Furtos e perdas na distribuição custam R$ 23,2 bilhões; Aneel glosa R$ 3,5 bilhões de distribuidoras

Relatório da Aneel aponta estabilização nos índices globais, mas destaca o forte impacto financeiro dos desvios comerciais e a transição metodológica para o mercado medido na baixa tensão.

O equilíbrio financeiro e a eficiência operativa do segmento de distribuição voltaram ao centro dos debates regulatórios. A Agência Nacional de Energia Elétrica (Aneel) publicou o relatório anual de perdas de energia elétrica na distribuição, consolidando os dados referentes ao ano civil de 2025. O balanço aponta que as perdas totais no sistema de distribuição alcançaram o patamar de 14,3% de toda a energia injetada nas redes do país.
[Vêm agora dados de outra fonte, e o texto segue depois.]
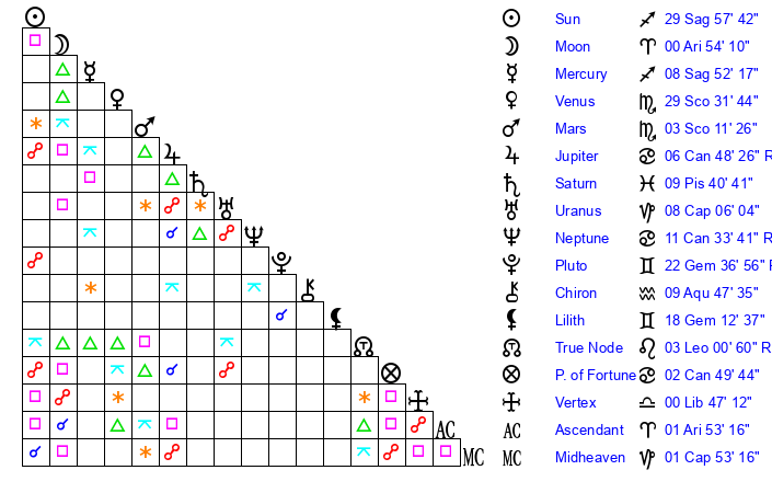 | Sun | 29 Sagittarius 58 | 1 Capricorn 6 | 29 Aries 28 |

Em termos de volume físico, o desperdício totalizou 90,2 terawatts-hora (TWh). Desse montante, as perdas técnicas, inerentes às leis da física no transporte e transformação da tensão, responderam por 7,2% (45,2 TWh). Já as perdas não técnicas, causadas principalmente por furtos, fraudes e erros de faturamento, representaram 7,1% (45 TWh). Do ponto de vista econômico, o impacto financeiro na cadeia setorial atingiu a expressiva cifra de R$ 23,2 bilhões, dividida quase igualmente entre limitações técnicas e a criminalidade comercial.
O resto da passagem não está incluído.